Set down a true copy of the data, with all pictures left out.

*** Opening PROVIDED INFORMATION ***

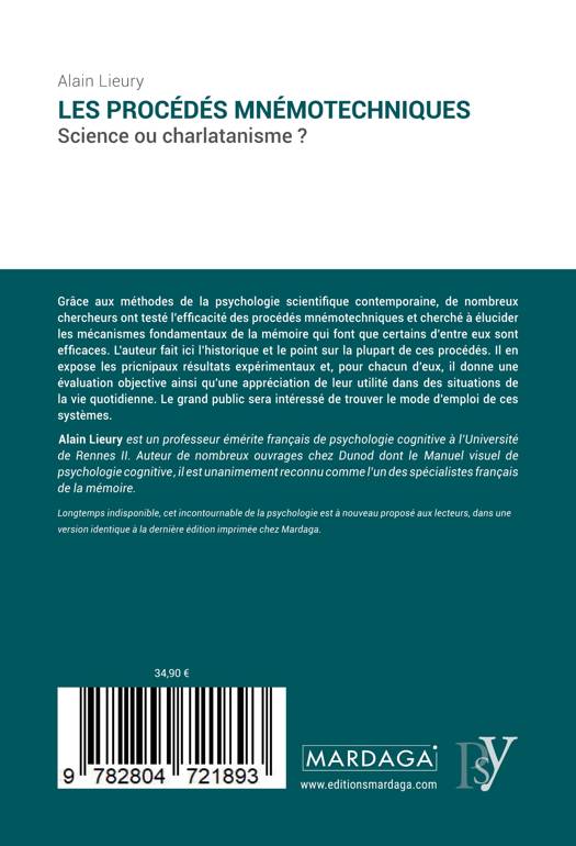 Grâce aux méthodes de la psychologie scientifique contemporaine, de nombreux chercheurs ont testé l'efficacité des procédés mnémotechniques et cherché à élucider les mécanismes fondamentaux de la mémoire qui font que certains d'entre eux sont efficaces. L'auteur fait ici l'historique et le point sur la plupart de ces procédés. Il en expose les pricnipaux résultats expérimentaux et, pour chacun d'eux, il donne une évaluation objective ainsi qu'une appréciation de leur utilité dans des situations de la vie quotidienne. Le grand public sera intéressé de trouver le mode d'emploi de ces systèmes. Alain Lieury est un professeur émérite français de psychologie cognitive à l'Université de Rennes II. Auteur de nombreux ouvrages chez Dunod dont le Manuel visuel de psychologie cognitive, il est unanimement reconnu comme l'un des spécialistes français de la mémoire.
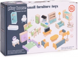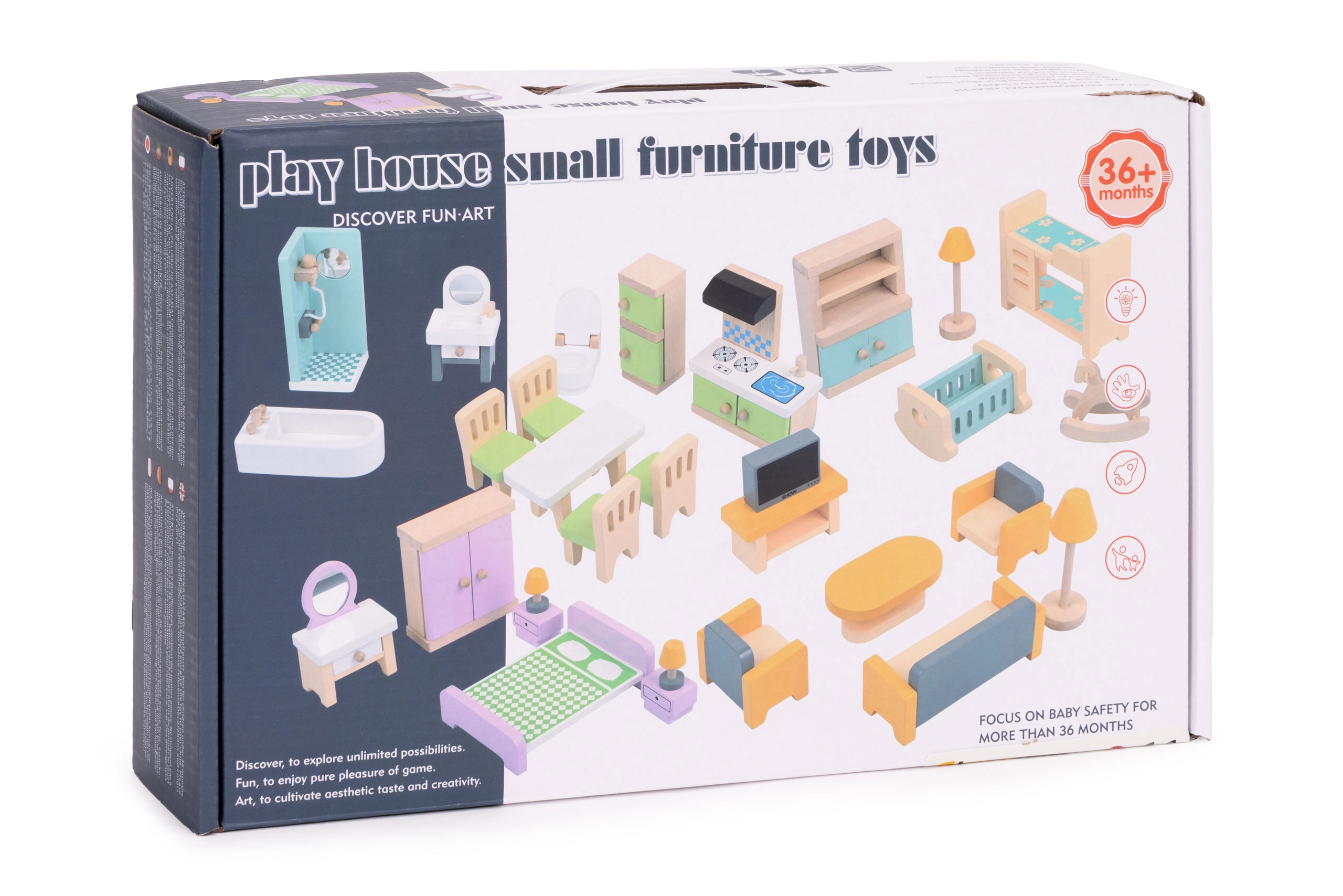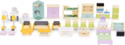 Il set include mobili per soggiorno, camera da letto, cucina, bagno e sala da pranzo – in totale 30 pezzi per infinite composizioni e scenari di gioco.
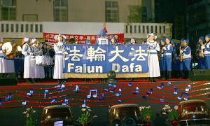 晚上七点,“唐风之夜音乐会”正式开场。“天国乐团”应邀在舞台上再度为大家演奏,嘹亮的乐音划破夏季夜空。紧接着由“新!唐!人:旗鼓队”震撼演出后,乡长花村祥在台上感谢法轮功学员为三芝乡民带来这么精彩又高水准的演出,他并表示对这庞大的演出阵容吓了一跳,想不到三芝乡能请到这么专业的艺术家们,真是太棒了。
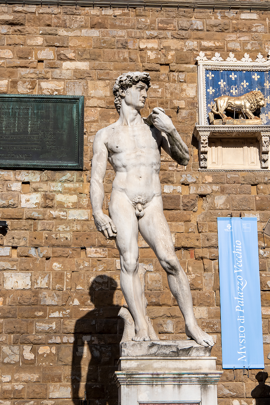ABOVE: In Piazza della Signoria there is a replica of the famous statue of David. We found out that to get to see the original costs 22 euros and is hard to get tickets to so this maybe the best we can do. I think he looks better with a tan anyway!
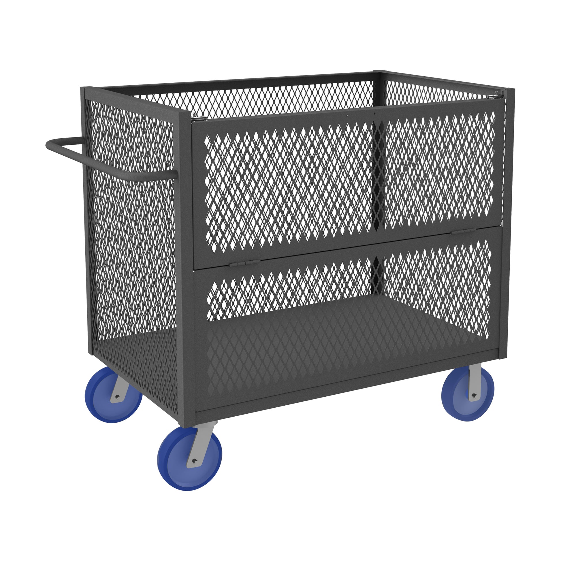 3 Sided Mesh Truck with 8" x 2" Polyurethane Casters - (2) Rigid, (2) Swivel, 1 Shelf, Tubular Push Handle, Drop Gate, Gray

*** Closing PROVIDED INFORMATION ***

▶ [ANSWER AREA]:
 Grâce aux méthodes de la psychologie scientifique contemporaine, de nombreux chercheurs ont testé l'efficacité des procédés mnémotechniques et cherché à élucider les mécanismes fondamentaux de la mémoire qui font que certains d'entre eux sont efficaces. L'auteur fait ici l'historique et le point sur la plupart de ces procédés. Il en expose les pricnipaux résultats expérimentaux et, pour chacun d'eux, il donne une évaluation objective ainsi qu'une appréciation de leur utilité dans des situations de la vie quotidienne. Le grand public sera intéressé de trouver le mode d'emploi de ces systèmes. Alain Lieury est un professeur émérite français de psychologie cognitive à l'Université de Rennes II. Auteur de nombreux ouvrages chez Dunod dont le Manuel visuel de psychologie cognitive, il est unanimement reconnu comme l'un des spécialistes français de la mémoire.
 Il set include mobili per soggiorno, camera da letto, cucina, bagno e sala da pranzo – in totale 30 pezzi per infinite composizioni e scenari di gioco.
 晚上七点,“唐风之夜音乐会”正式开场。“天国乐团”应邀在舞台上再度为大家演奏,嘹亮的乐音划破夏季夜空。紧接着由“新!唐!人:旗鼓队”震撼演出后,乡长花村祥在台上感谢法轮功学员为三芝乡民带来这么精彩又高水准的演出,他并表示对这庞大的演出阵容吓了一跳,想不到三芝乡能请到这么专业的艺术家们,真是太棒了。
ABOVE: In Piazza della Signoria there is a replica of the famous statue of David. We found out that to get to see the original costs 22 euros and is hard to get tickets to so this maybe the best we can do. I think he looks better with a tan anyway!
 3 Sided Mesh Truck with 8" x 2" Polyurethane Casters - (2) Rigid, (2) Swivel, 1 Shelf, Tubular Push Handle, Drop Gate, Gray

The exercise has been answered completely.